- EXERCISE: The reply must contain exactly the lines below from the one with "Фудбалерите на Барселона" down to the one with "De acuerdo con", both included, and nothing more; please omit the pictures.
### GIVEN DATA
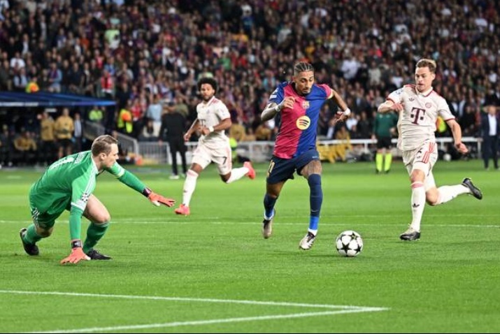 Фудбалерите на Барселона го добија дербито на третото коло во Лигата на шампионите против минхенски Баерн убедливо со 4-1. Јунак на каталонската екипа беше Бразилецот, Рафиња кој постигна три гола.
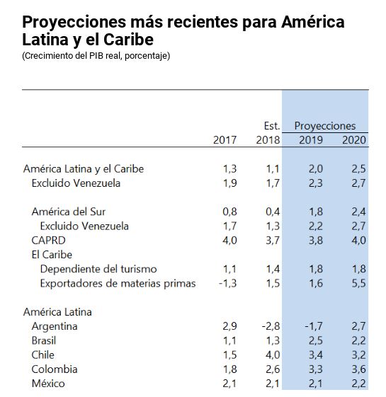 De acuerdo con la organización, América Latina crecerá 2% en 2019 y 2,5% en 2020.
######
### GIVEN DATA
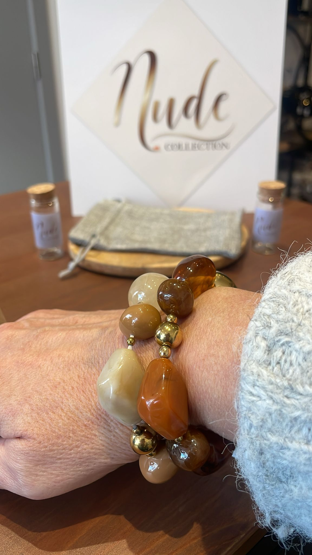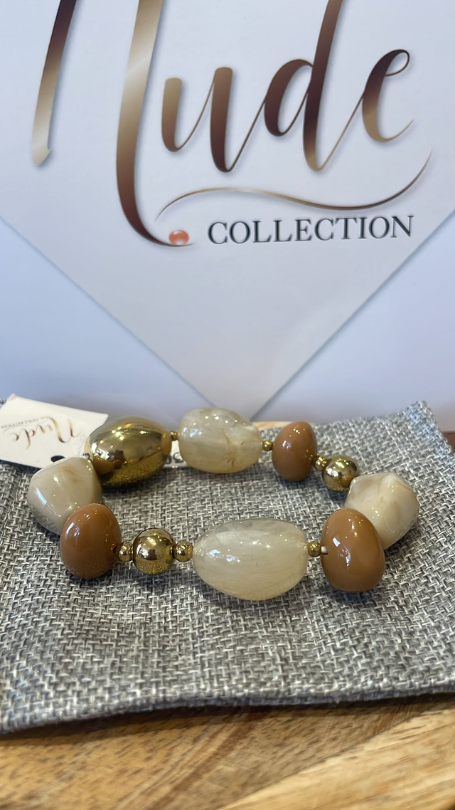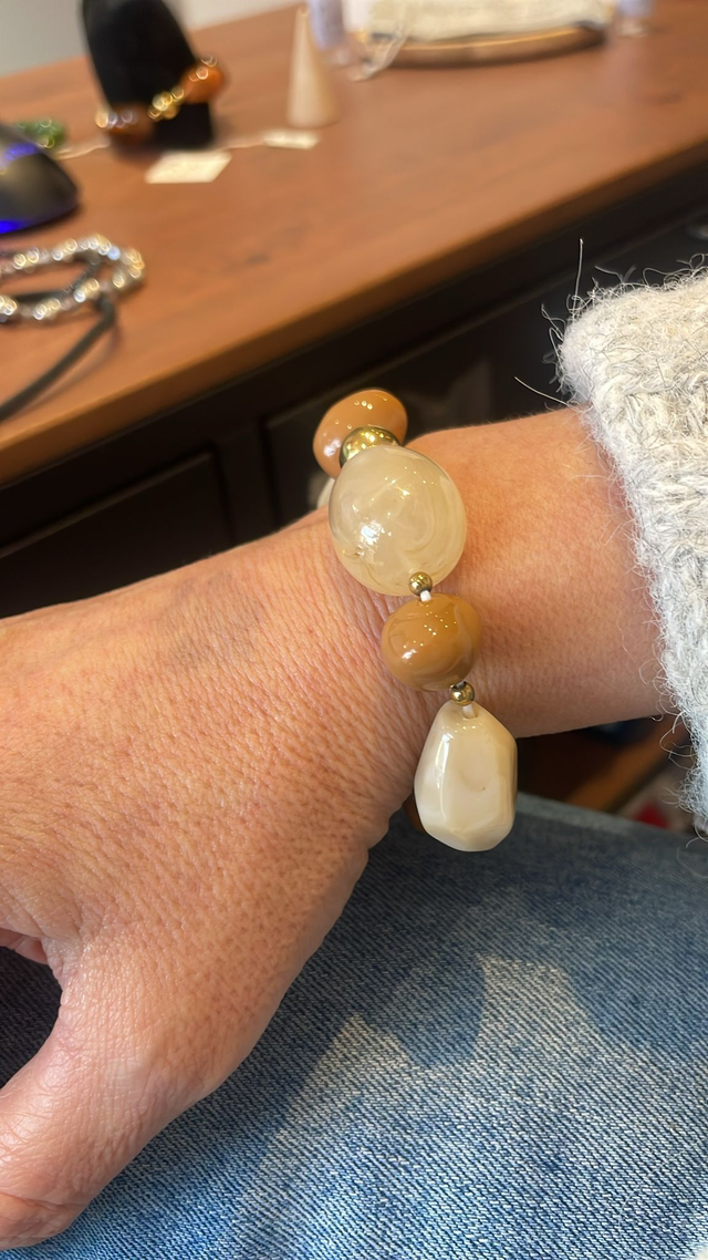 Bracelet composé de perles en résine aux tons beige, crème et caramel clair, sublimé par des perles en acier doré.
######
### GIVEN DATA
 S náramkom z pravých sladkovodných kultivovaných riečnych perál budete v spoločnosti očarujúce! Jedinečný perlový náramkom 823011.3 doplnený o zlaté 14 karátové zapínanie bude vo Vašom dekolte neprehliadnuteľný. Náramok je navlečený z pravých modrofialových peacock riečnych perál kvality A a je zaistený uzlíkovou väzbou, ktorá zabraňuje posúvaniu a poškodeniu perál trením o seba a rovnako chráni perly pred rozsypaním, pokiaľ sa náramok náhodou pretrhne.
######
- WRITTEN SOLUTION:
 Фудбалерите на Барселона го добија дербито на третото коло во Лигата на шампионите против минхенски Баерн убедливо со 4-1. Јунак на каталонската екипа беше Бразилецот, Рафиња кој постигна три гола.
 De acuerdo con la organización, América Latina crecerá 2% en 2019 y 2,5% en 2020.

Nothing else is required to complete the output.